---------- Data for processing ----------
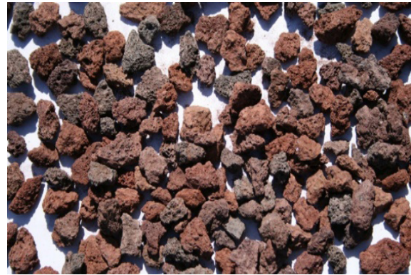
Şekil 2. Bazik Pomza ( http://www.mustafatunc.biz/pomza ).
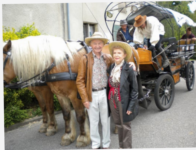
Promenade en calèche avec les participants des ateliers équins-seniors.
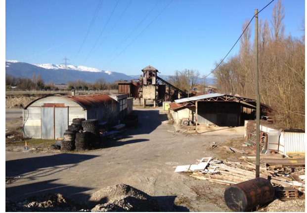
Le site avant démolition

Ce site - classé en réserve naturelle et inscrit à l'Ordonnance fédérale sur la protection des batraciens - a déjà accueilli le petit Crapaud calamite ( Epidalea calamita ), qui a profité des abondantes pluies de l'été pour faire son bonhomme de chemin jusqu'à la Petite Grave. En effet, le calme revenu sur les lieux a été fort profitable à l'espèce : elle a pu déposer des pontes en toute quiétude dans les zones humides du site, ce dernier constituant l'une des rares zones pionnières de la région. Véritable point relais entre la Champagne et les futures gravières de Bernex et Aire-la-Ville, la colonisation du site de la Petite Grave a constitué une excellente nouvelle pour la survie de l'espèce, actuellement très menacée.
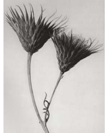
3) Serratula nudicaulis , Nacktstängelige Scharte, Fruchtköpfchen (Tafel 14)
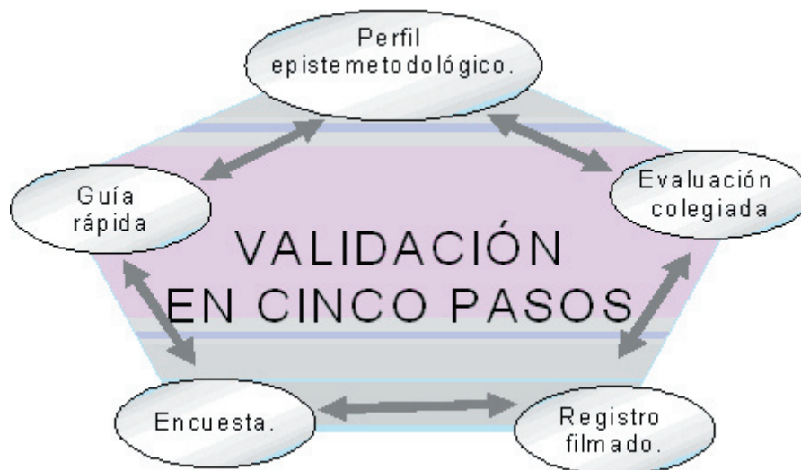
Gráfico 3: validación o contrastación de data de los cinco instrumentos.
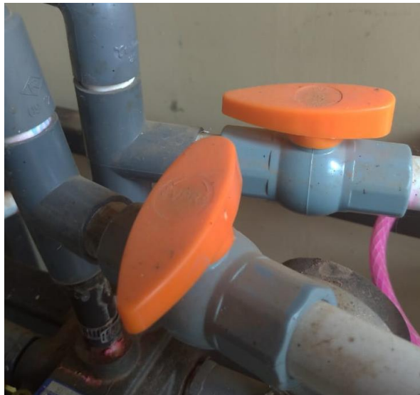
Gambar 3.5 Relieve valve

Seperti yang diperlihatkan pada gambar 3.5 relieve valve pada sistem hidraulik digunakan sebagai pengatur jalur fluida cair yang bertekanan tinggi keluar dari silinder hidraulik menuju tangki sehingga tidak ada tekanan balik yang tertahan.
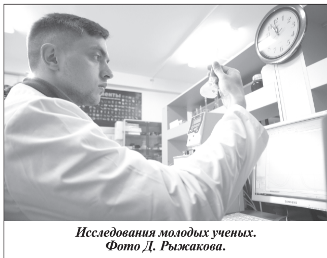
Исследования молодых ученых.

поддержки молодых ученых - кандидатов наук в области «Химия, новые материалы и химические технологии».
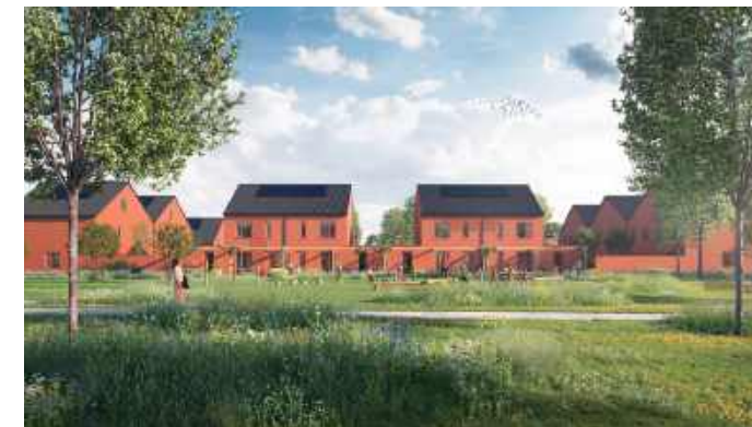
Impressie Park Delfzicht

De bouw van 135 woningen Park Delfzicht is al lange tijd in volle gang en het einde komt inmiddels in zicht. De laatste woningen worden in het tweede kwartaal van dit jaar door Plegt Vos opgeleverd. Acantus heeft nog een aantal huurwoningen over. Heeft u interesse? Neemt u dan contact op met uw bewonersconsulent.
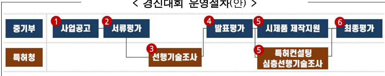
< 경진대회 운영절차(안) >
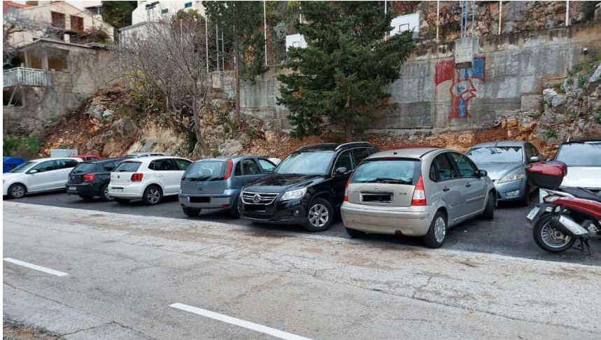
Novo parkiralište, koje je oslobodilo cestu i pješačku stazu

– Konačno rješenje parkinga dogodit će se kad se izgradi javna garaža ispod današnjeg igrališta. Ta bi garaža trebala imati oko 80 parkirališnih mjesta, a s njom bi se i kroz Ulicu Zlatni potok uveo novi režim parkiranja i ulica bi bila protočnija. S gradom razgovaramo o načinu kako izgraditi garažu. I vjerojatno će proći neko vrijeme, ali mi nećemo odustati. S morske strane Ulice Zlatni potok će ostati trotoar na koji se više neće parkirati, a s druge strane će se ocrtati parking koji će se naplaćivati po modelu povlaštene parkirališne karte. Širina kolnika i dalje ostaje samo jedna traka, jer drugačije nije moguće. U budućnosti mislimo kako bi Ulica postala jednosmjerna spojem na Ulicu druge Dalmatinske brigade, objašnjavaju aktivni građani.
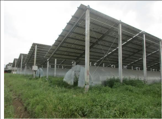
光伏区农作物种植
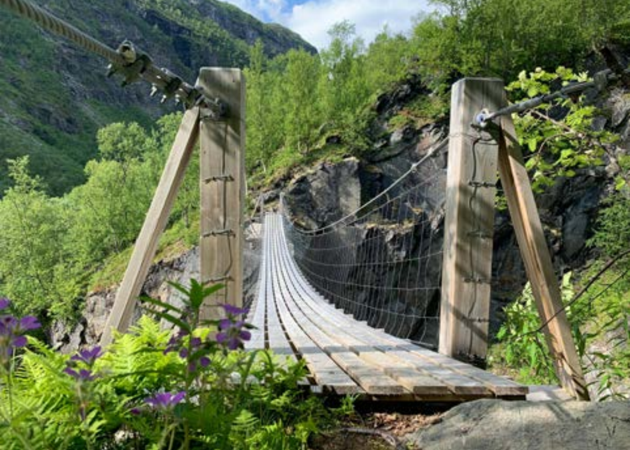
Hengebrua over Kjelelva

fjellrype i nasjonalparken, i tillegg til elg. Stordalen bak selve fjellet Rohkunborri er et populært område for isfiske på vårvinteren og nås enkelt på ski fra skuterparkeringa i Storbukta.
----------
---------- Data for processing ----------
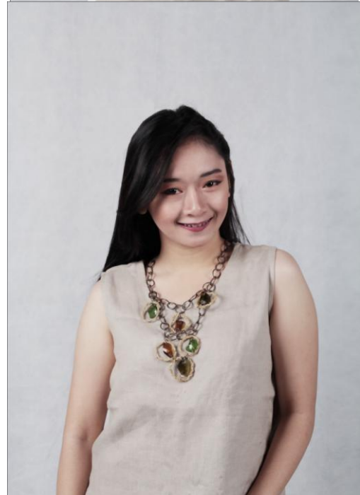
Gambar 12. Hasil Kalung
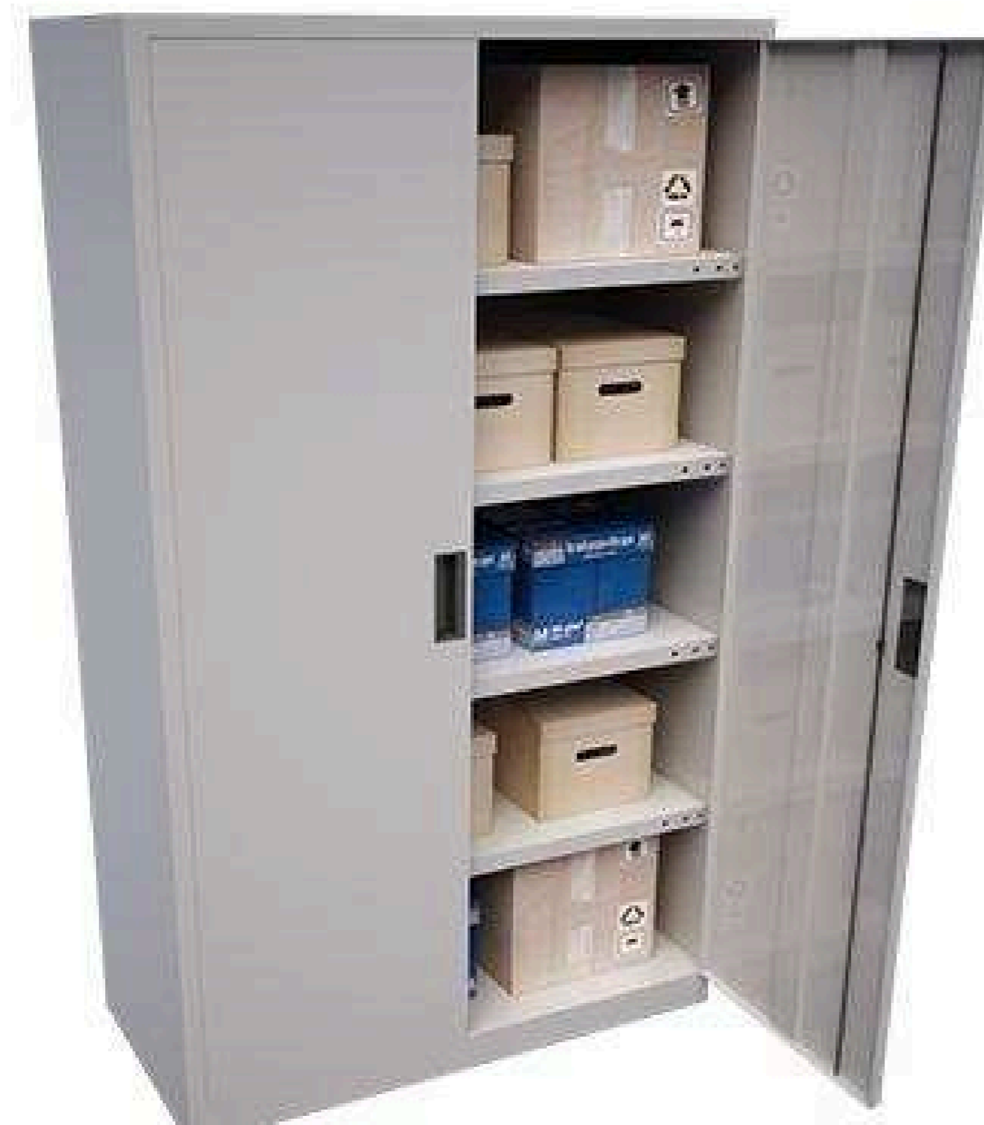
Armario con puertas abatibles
----------
**Work required**.
The answer is the lines of the material above, from the one containing "3) Serratula nudicaulis" down to the one containing "Исследования молодых ученых.", given exactly and without images.

**Written reply**.
3) Serratula nudicaulis , Nacktstängelige Scharte, Fruchtköpfchen (Tafel 14)
Gráfico 3: validación o contrastación de data de los cinco instrumentos.
Gambar 3.5 Relieve valve

Seperti yang diperlihatkan pada gambar 3.5 relieve valve pada sistem hidraulik digunakan sebagai pengatur jalur fluida cair yang bertekanan tinggi keluar dari silinder hidraulik menuju tangki sehingga tidak ada tekanan balik yang tertahan.
Исследования молодых ученых.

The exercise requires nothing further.